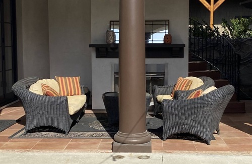 INDOOR OUTDOOR cascading doors to allow access to covered living space with fireplace
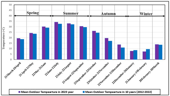 The case study employs an experimental model with interior dimensions of 1 m × 0.75 m × 0.75 m, representing a 0.25-scale version of an actual room with dimensions of 4 m × 3 m × 3 m. This model is utilized to evaluate a passive cooling system in Yazd, Iran (latitude: 31°53′50″ N; longitude: 54°22′3″ E; altitude: 1230 m). The geographical location is characterized by a dry climate, featuring cold winters and hot summers according to the Hijri calendar months. Figure 2 illustrates the comparison of the mean outdoor temperatures in Yazd over the past decade [26,27] with those recorded during the experimental study in 2023. Furthermore, the average temperature variation between day and night is 10.3 °C for the spring season, 11 °C for the summer season, 10.5 °C for the autumn season, and 10.2 °C for the winter season.
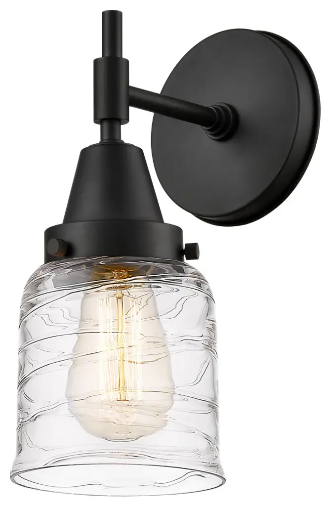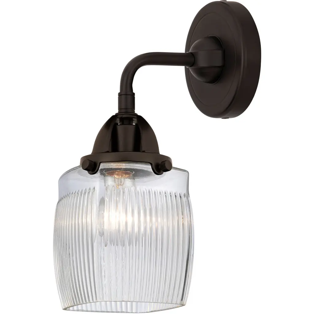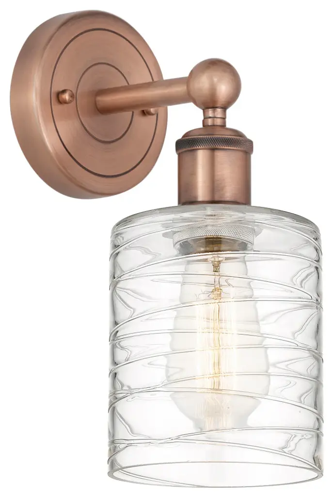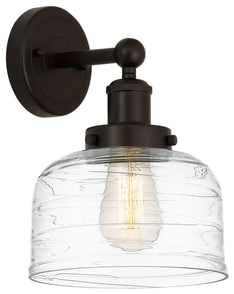 Innovations 616-1W-OB-G1113 Cobbleskill 1 Light 5 inch Sconce Oil Rubbed Bronze. Collection: Edison. Style: Art Nouveau, Industrial, Restoration-Vintage, Transitional. Metal Finish: Oil Rubbed Bronze. Metal Finish(Canopy/Backplate): Oil Rubbed Bronze. Material: Steel, Cast Brass, Glass. Dimensions(in): 11.5(H) x 5(W) x 7(Ext). Bulb: (1)60W Medium Base Incandescent(Not Included). Maximum Wattage Per Socket: 100. Voltage: 120. Dimmable: Yes. Color Temperature (Kelvin): 2200. Color Rendering Index (CRI): 99.9. Lumens: 220. Life Expectancy (Hours): 2000. Glass Shade Description: Deco Swirl Cobbleskill. Glass Type: Transparent. Shade Shape: Drum. Glass or Metal Shade Color: Deco Swirl. Shade Material: Glass. Shade Dimensions(in): 5(W) x 6(H). Fitter Measurement (Glass or Metal Shade Fitter Size): Neckless with a 2.125 inch Hole. Backplate Dimenisons(in): 4.5(W) x 0.75(Depth). Mounting Center to Top: 2.5. ADA Compliant: No. Reversible (Can be hung with bulbs facing uo or down): Yes. California Proposition 65 Warning Required: Yes. UL and ETL Certification: Damp Location.

AIM OF THE TASK:
Starting at the first line of the listing above, write out each line exactly and nothing else until you reach the line containing "The case study", which is included as well; omit all pictures.

TASK RESPONSE:
 INDOOR OUTDOOR cascading doors to allow access to covered living space with fireplace
 The case study employs an experimental model with interior dimensions of 1 m × 0.75 m × 0.75 m, representing a 0.25-scale version of an actual room with dimensions of 4 m × 3 m × 3 m. This model is utilized to evaluate a passive cooling system in Yazd, Iran (latitude: 31°53′50″ N; longitude: 54°22′3″ E; altitude: 1230 m). The geographical location is characterized by a dry climate, featuring cold winters and hot summers according to the Hijri calendar months. Figure 2 illustrates the comparison of the mean outdoor temperatures in Yazd over the past decade [26,27] with those recorded during the experimental study in 2023. Furthermore, the average temperature variation between day and night is 10.3 °C for the spring season, 11 °C for the summer season, 10.5 °C for the autumn season, and 10.2 °C for the winter season.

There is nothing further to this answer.